GIVEN MATERIAL:
════════════════
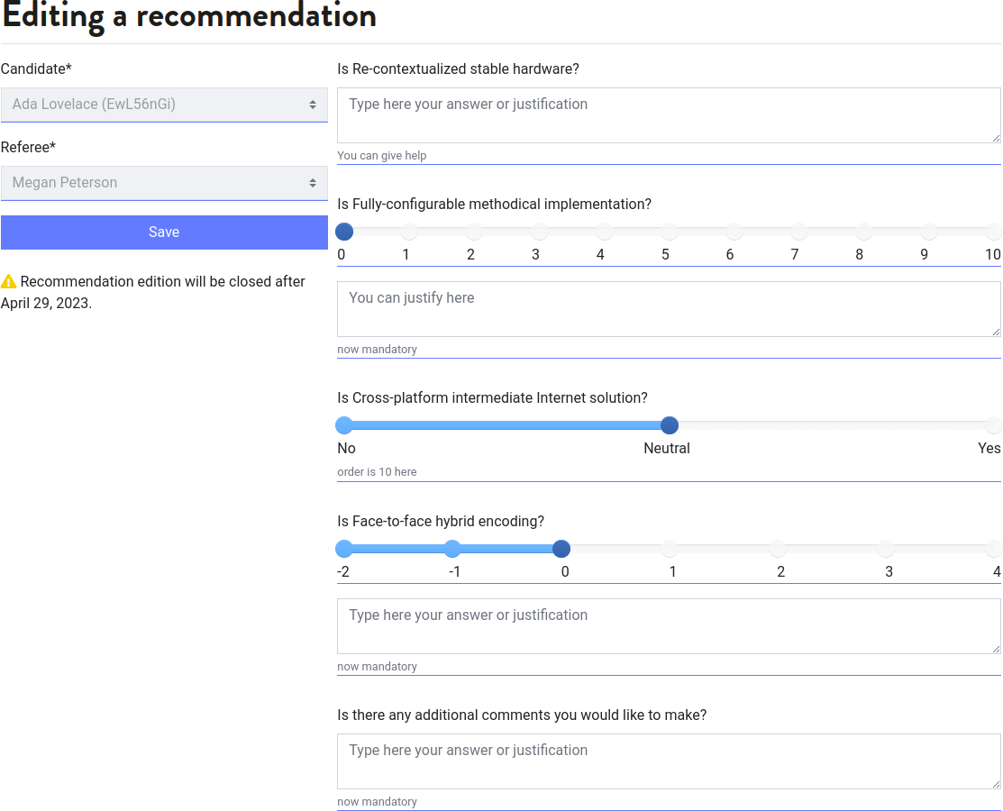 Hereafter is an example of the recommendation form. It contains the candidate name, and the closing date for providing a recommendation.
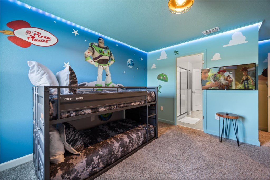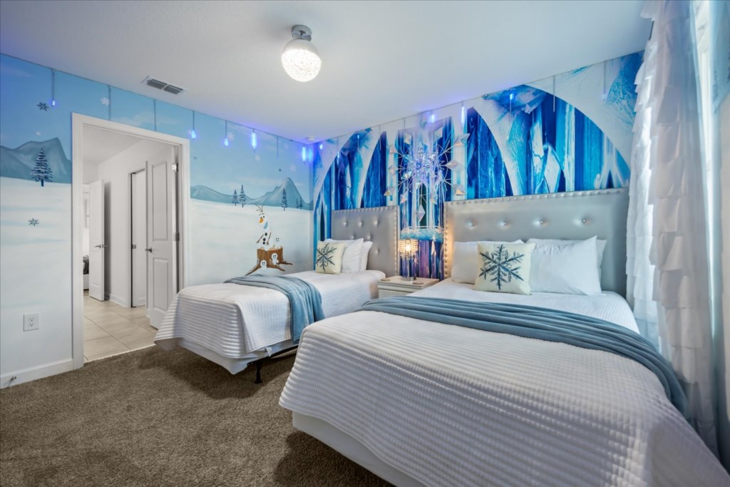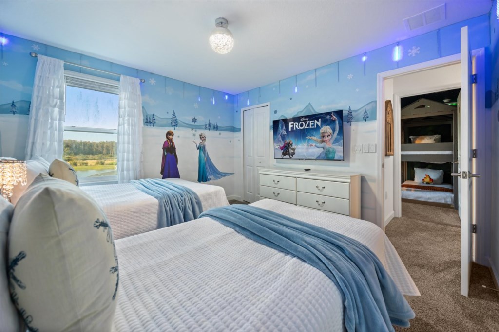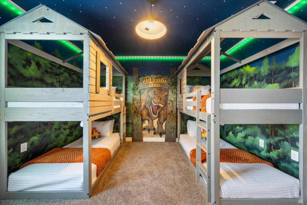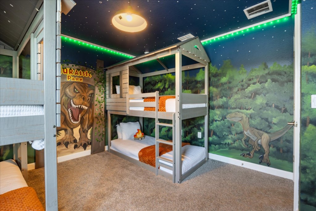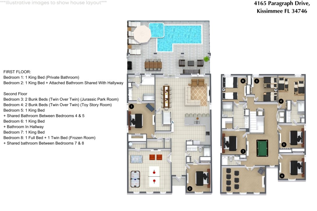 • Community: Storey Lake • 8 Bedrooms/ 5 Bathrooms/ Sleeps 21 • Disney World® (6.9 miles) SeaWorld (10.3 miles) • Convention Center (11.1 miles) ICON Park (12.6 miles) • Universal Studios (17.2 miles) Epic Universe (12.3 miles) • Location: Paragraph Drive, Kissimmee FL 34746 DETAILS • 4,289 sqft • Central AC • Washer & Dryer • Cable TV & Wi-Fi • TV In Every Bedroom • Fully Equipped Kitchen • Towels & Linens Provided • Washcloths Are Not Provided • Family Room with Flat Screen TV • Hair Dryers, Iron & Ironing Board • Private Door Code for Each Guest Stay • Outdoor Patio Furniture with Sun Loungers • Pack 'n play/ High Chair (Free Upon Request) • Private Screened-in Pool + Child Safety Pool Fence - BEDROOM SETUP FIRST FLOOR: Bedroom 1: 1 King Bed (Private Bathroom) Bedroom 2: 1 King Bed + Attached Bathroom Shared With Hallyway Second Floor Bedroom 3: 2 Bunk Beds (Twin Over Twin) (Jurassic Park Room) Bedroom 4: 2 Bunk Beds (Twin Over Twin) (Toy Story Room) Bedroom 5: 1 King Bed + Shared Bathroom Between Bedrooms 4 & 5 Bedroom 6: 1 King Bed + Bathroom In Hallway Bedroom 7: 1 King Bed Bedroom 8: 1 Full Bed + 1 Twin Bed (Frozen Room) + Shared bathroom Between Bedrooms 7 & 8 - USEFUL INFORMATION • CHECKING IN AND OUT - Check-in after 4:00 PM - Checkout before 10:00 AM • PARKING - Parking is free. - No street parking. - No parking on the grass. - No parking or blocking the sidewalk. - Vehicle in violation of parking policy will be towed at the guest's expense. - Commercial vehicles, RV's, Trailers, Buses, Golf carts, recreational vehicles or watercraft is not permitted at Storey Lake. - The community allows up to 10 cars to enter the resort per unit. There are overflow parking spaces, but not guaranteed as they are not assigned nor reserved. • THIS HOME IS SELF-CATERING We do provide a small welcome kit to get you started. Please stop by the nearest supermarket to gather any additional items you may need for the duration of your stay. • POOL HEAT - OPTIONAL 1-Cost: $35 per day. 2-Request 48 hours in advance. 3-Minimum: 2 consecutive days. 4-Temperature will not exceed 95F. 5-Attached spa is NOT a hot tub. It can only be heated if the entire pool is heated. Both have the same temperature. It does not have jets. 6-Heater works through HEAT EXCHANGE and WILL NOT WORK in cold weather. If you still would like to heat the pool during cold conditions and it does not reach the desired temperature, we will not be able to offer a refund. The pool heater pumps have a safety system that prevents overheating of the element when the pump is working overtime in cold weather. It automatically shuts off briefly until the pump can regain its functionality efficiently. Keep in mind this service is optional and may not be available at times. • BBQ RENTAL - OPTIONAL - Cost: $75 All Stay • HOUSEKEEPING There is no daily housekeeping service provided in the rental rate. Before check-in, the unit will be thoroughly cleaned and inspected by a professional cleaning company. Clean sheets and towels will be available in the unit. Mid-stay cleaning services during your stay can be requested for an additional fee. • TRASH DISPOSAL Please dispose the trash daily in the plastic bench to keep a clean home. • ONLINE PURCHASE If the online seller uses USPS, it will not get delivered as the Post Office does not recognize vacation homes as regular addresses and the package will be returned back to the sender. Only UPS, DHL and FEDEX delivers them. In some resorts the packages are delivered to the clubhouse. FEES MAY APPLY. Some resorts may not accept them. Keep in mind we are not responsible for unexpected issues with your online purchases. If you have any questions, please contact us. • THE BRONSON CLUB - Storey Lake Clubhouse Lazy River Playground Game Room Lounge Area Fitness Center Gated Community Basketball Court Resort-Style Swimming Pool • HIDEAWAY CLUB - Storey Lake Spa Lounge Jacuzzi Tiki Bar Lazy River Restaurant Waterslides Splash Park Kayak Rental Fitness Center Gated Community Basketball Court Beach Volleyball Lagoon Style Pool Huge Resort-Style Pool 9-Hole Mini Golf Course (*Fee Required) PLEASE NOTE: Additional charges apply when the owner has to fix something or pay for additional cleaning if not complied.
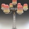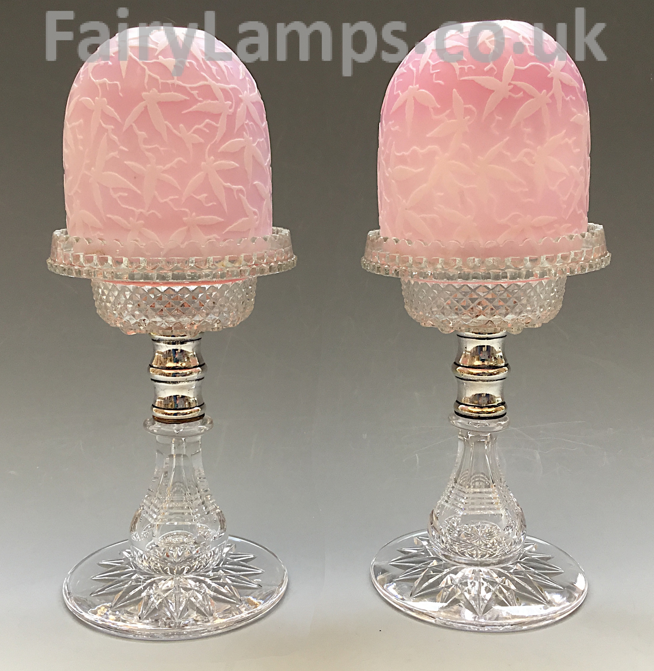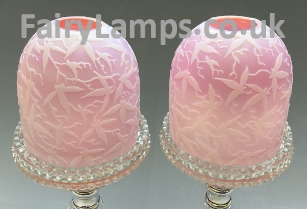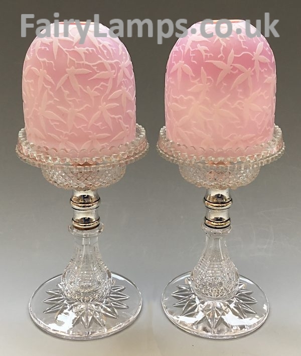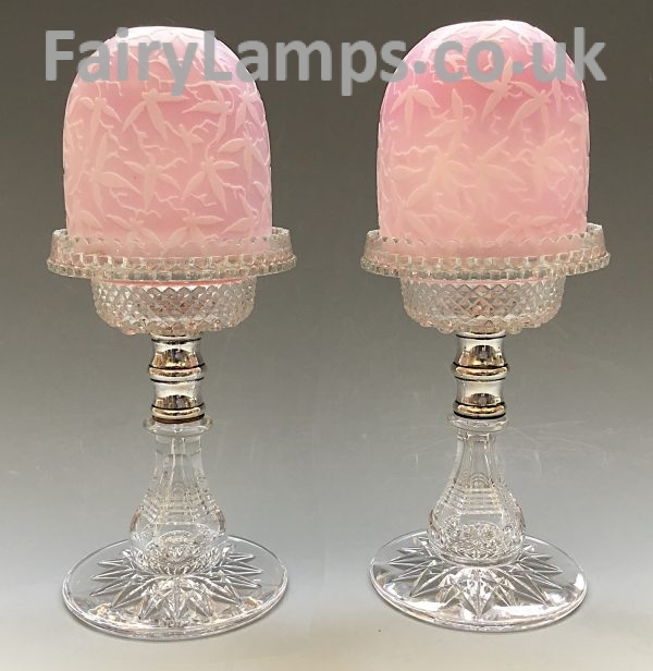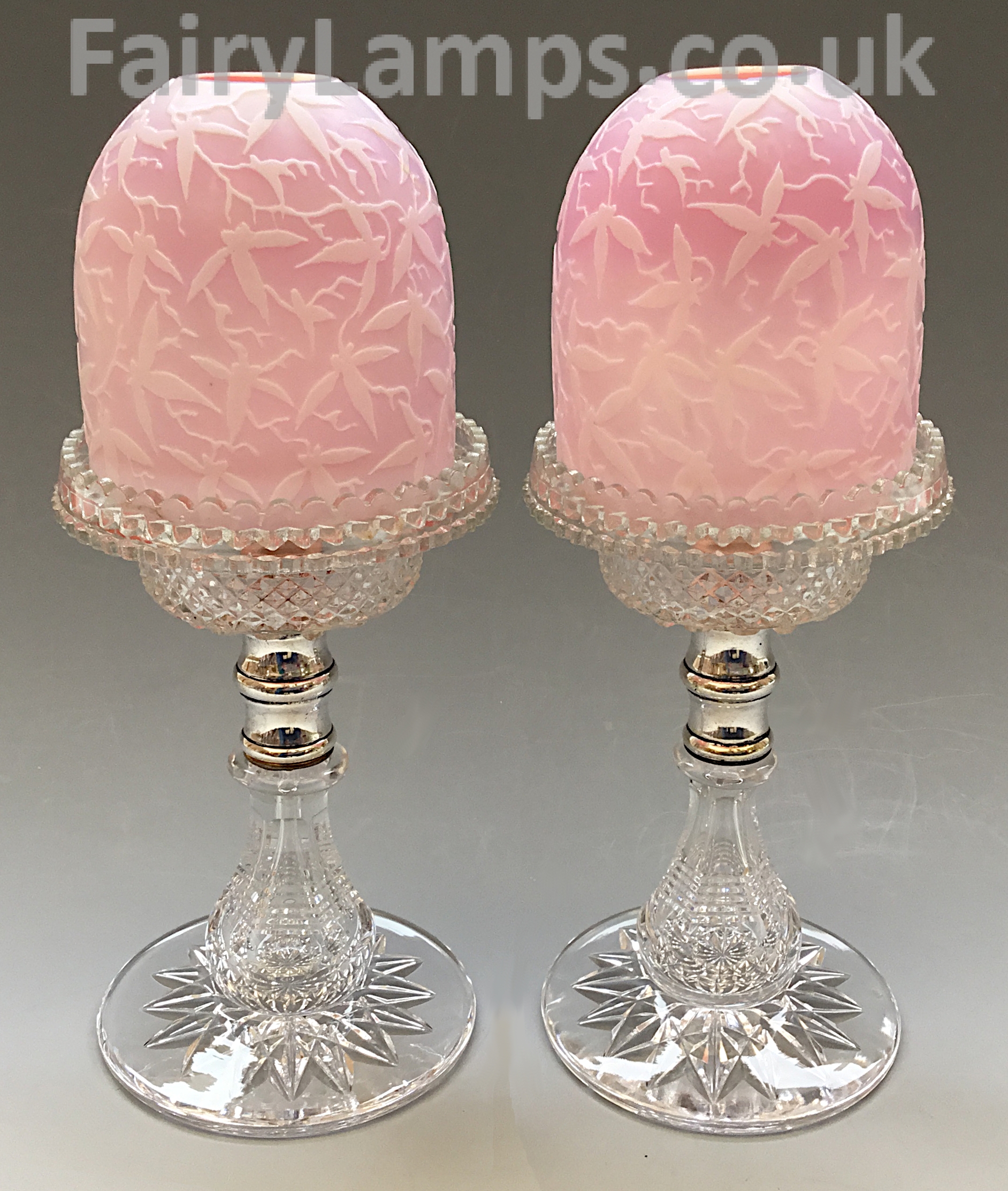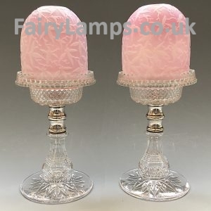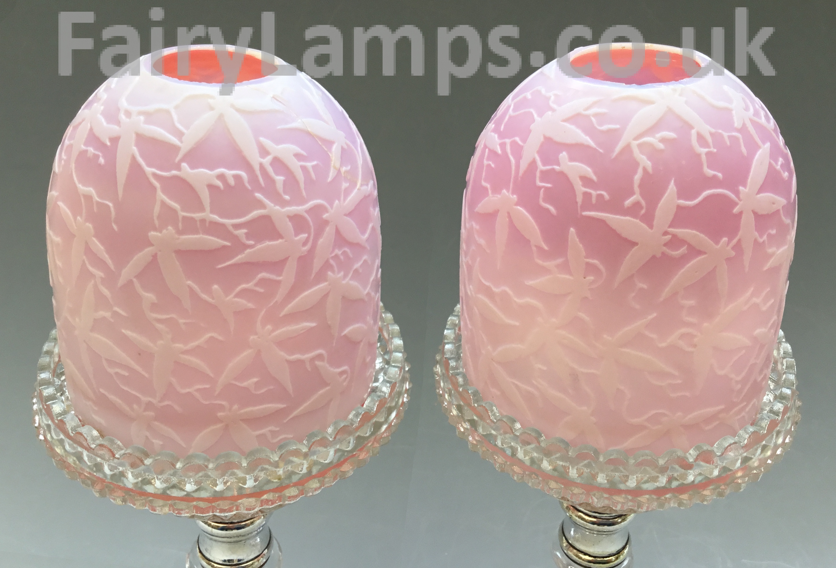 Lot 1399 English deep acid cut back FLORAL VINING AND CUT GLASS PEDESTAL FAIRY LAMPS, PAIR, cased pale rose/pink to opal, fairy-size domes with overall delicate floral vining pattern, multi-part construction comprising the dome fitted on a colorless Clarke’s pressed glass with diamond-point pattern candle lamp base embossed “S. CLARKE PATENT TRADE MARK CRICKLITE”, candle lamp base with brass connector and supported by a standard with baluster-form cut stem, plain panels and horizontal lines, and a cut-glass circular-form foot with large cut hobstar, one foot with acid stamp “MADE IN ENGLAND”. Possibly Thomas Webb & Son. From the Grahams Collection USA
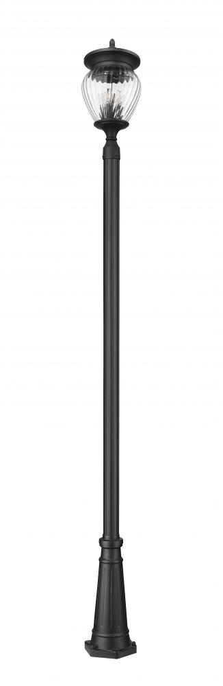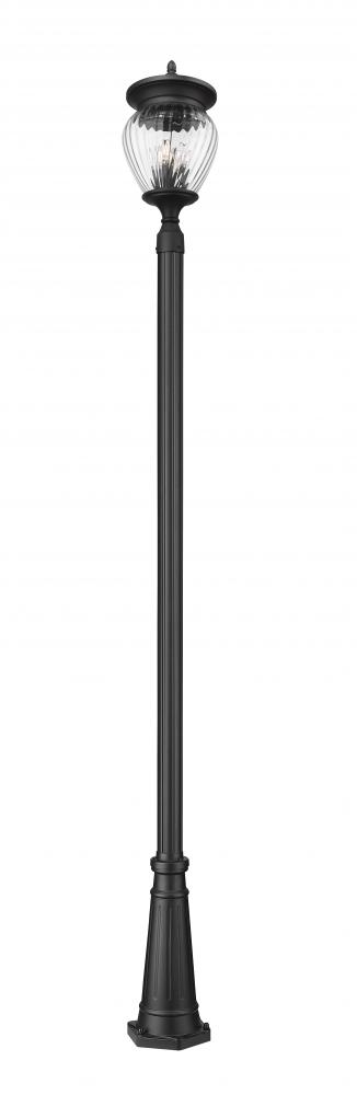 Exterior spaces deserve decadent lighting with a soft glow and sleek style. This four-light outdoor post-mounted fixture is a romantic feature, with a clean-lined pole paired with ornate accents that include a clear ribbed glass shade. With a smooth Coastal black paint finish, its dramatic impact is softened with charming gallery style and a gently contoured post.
════════════════
PROBLEM STATEMENT: Copy out all the data above exactly as written. Skip the pictures.

SOLUTION TO THE EXERCISE:
 Hereafter is an example of the recommendation form. It contains the candidate name, and the closing date for providing a recommendation.
 • Community: Storey Lake • 8 Bedrooms/ 5 Bathrooms/ Sleeps 21 • Disney World® (6.9 miles) SeaWorld (10.3 miles) • Convention Center (11.1 miles) ICON Park (12.6 miles) • Universal Studios (17.2 miles) Epic Universe (12.3 miles) • Location: Paragraph Drive, Kissimmee FL 34746 DETAILS • 4,289 sqft • Central AC • Washer & Dryer • Cable TV & Wi-Fi • TV In Every Bedroom • Fully Equipped Kitchen • Towels & Linens Provided • Washcloths Are Not Provided • Family Room with Flat Screen TV • Hair Dryers, Iron & Ironing Board • Private Door Code for Each Guest Stay • Outdoor Patio Furniture with Sun Loungers • Pack 'n play/ High Chair (Free Upon Request) • Private Screened-in Pool + Child Safety Pool Fence - BEDROOM SETUP FIRST FLOOR: Bedroom 1: 1 King Bed (Private Bathroom) Bedroom 2: 1 King Bed + Attached Bathroom Shared With Hallyway Second Floor Bedroom 3: 2 Bunk Beds (Twin Over Twin) (Jurassic Park Room) Bedroom 4: 2 Bunk Beds (Twin Over Twin) (Toy Story Room) Bedroom 5: 1 King Bed + Shared Bathroom Between Bedrooms 4 & 5 Bedroom 6: 1 King Bed + Bathroom In Hallway Bedroom 7: 1 King Bed Bedroom 8: 1 Full Bed + 1 Twin Bed (Frozen Room) + Shared bathroom Between Bedrooms 7 & 8 - USEFUL INFORMATION • CHECKING IN AND OUT - Check-in after 4:00 PM - Checkout before 10:00 AM • PARKING - Parking is free. - No street parking. - No parking on the grass. - No parking or blocking the sidewalk. - Vehicle in violation of parking policy will be towed at the guest's expense. - Commercial vehicles, RV's, Trailers, Buses, Golf carts, recreational vehicles or watercraft is not permitted at Storey Lake. - The community allows up to 10 cars to enter the resort per unit. There are overflow parking spaces, but not guaranteed as they are not assigned nor reserved. • THIS HOME IS SELF-CATERING We do provide a small welcome kit to get you started. Please stop by the nearest supermarket to gather any additional items you may need for the duration of your stay. • POOL HEAT - OPTIONAL 1-Cost: $35 per day. 2-Request 48 hours in advance. 3-Minimum: 2 consecutive days. 4-Temperature will not exceed 95F. 5-Attached spa is NOT a hot tub. It can only be heated if the entire pool is heated. Both have the same temperature. It does not have jets. 6-Heater works through HEAT EXCHANGE and WILL NOT WORK in cold weather. If you still would like to heat the pool during cold conditions and it does not reach the desired temperature, we will not be able to offer a refund. The pool heater pumps have a safety system that prevents overheating of the element when the pump is working overtime in cold weather. It automatically shuts off briefly until the pump can regain its functionality efficiently. Keep in mind this service is optional and may not be available at times. • BBQ RENTAL - OPTIONAL - Cost: $75 All Stay • HOUSEKEEPING There is no daily housekeeping service provided in the rental rate. Before check-in, the unit will be thoroughly cleaned and inspected by a professional cleaning company. Clean sheets and towels will be available in the unit. Mid-stay cleaning services during your stay can be requested for an additional fee. • TRASH DISPOSAL Please dispose the trash daily in the plastic bench to keep a clean home. • ONLINE PURCHASE If the online seller uses USPS, it will not get delivered as the Post Office does not recognize vacation homes as regular addresses and the package will be returned back to the sender. Only UPS, DHL and FEDEX delivers them. In some resorts the packages are delivered to the clubhouse. FEES MAY APPLY. Some resorts may not accept them. Keep in mind we are not responsible for unexpected issues with your online purchases. If you have any questions, please contact us. • THE BRONSON CLUB - Storey Lake Clubhouse Lazy River Playground Game Room Lounge Area Fitness Center Gated Community Basketball Court Resort-Style Swimming Pool • HIDEAWAY CLUB - Storey Lake Spa Lounge Jacuzzi Tiki Bar Lazy River Restaurant Waterslides Splash Park Kayak Rental Fitness Center Gated Community Basketball Court Beach Volleyball Lagoon Style Pool Huge Resort-Style Pool 9-Hole Mini Golf Course (*Fee Required) PLEASE NOTE: Additional charges apply when the owner has to fix something or pay for additional cleaning if not complied.
 Lot 1399 English deep acid cut back FLORAL VINING AND CUT GLASS PEDESTAL FAIRY LAMPS, PAIR, cased pale rose/pink to opal, fairy-size domes with overall delicate floral vining pattern, multi-part construction comprising the dome fitted on a colorless Clarke’s pressed glass with diamond-point pattern candle lamp base embossed “S. CLARKE PATENT TRADE MARK CRICKLITE”, candle lamp base with brass connector and supported by a standard with baluster-form cut stem, plain panels and horizontal lines, and a cut-glass circular-form foot with large cut hobstar, one foot with acid stamp “MADE IN ENGLAND”. Possibly Thomas Webb & Son. From the Grahams Collection USA
 Exterior spaces deserve decadent lighting with a soft glow and sleek style. This four-light outdoor post-mounted fixture is a romantic feature, with a clean-lined pole paired with ornate accents that include a clear ribbed glass shade. With a smooth Coastal black paint finish, its dramatic impact is softened with charming gallery style and a gently contoured post.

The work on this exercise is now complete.